« “Anodyne” de Satsuma trace une ligne fragile entre chute et reconstruction, où chaque guitare devient un refuge bricolé à la main. »
Une chambre, des murs trop proches, une voix qu’on retient pour ne pas déranger — et pourtant, tout déborde. Satsuma fabrique ici un espace paradoxal, minuscule dans sa fabrication, immense dans sa résonance. Anodyne ne sonne jamais comme un projet solitaire, alors même qu’il l’est entièrement. C’est là, déjà, que quelque chose accroche.
“Ash And Dust” s’étire d’entrée comme une cicatrice qu’on observe enfin sans détour. Les guitares, épaisses mais jamais écrasantes, laissent passer une lumière trouble, presque résignée. On pense à cette manière qu’avait Alice In Chains de rendre la lourdeur respirable, mais ici tout est filtré par une retenue contemporaine, une fragilité assumée.
Puis “Love My Lies” accélère légèrement le flux, introduisant une tension plus nerveuse, presque auto-destructrice. La voix de Cam Halkerston, jamais parfaitement stable, devient un instrument à part entière. Elle tremble, elle hésite, elle insiste. Et c’est précisément cette imperfection qui donne au morceau sa vérité.
Le cœur du projet, “Anodyne”, agit comme un point d’équilibre instable. Une tentative d’apaisement qui ne tient jamais complètement. Les nappes de guitares, plus aériennes, évoquent cette science du vide que Yo La Tengo maîtrisait si bien, où chaque espace devient aussi important que le son lui-même.
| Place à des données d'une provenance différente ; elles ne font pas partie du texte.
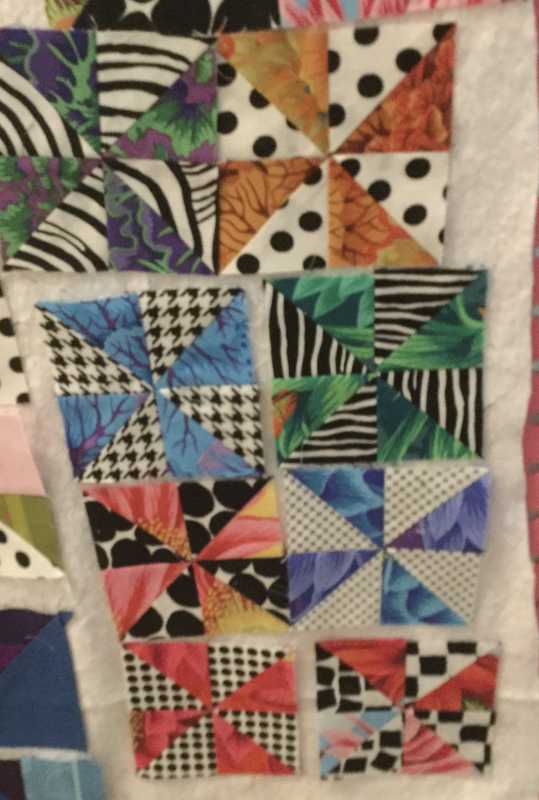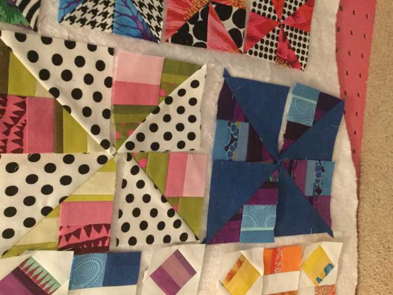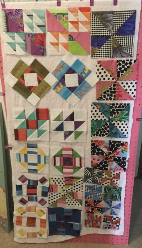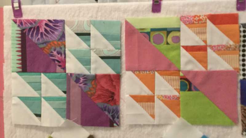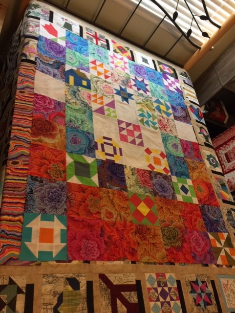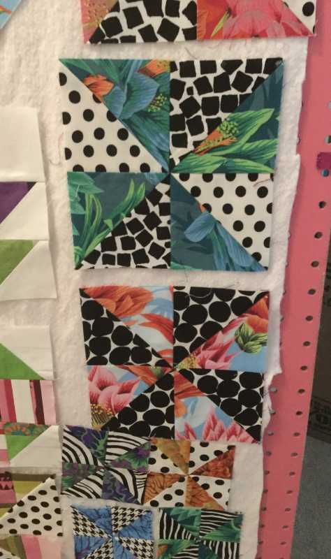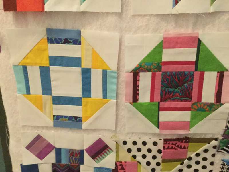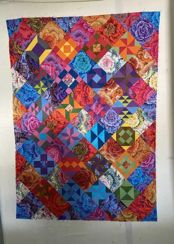 This was a challenge for me in that most of my quilts are derived from a pattern that I often tweak. That said, I rather enjoyed using a design wall and found that taking multiple photos with my phone helped me determine what block to place where. Some of the pieced blocks are intended to bridge the various colors contained in the Kaffe prints - for example using the 4-pinwheel patches to help the eye move from block to block and color to color. I also tried to graduate from bright, lighter values at the top to the darker values at the bottom of the quilt and I wanted the blocks to float against the background fabrics. Sorry the photo is crooked, but the real quilt looks good and I'm looking forward to having it quilted as well as participating in the next challenge from Alex.

“Touch Of Your Breath” surgit comme un interlude presque irréel, une suspension fragile, avant que “Swallowed” ne replonge dans une densité émotionnelle plus brute. Là, les textures se superposent, s’écrasent légèrement, comme si le morceau lui-même peinait à contenir ce qu’il transporte.
Enfin, “Scorched Earth” clôt l’EP avec une forme d’épuisement lucide. Rien n’est résolu, mais tout est exposé. Une terre brûlée où subsistent encore quelques pulsations.
Ce qui me marque profondément dans Anodyne, c’est cette capacité à transformer des contraintes très concrètes en langage artistique. Chanter à voix basse, enregistrer seul, refuser les artifices… tout cela devient esthétique. Une esthétique du presque, du retenu, du non-parfait.
Dans un paysage saturé de productions impeccables qui sentent l’aseptisé, Satsuma choisit une autre voie. Plus risquée, plus intime, mais infiniment plus incarnée. Ici, la musique ne cherche pas à impressionner. Elle cherche à tenir debout. Et parfois, ça suffit à bouleverser.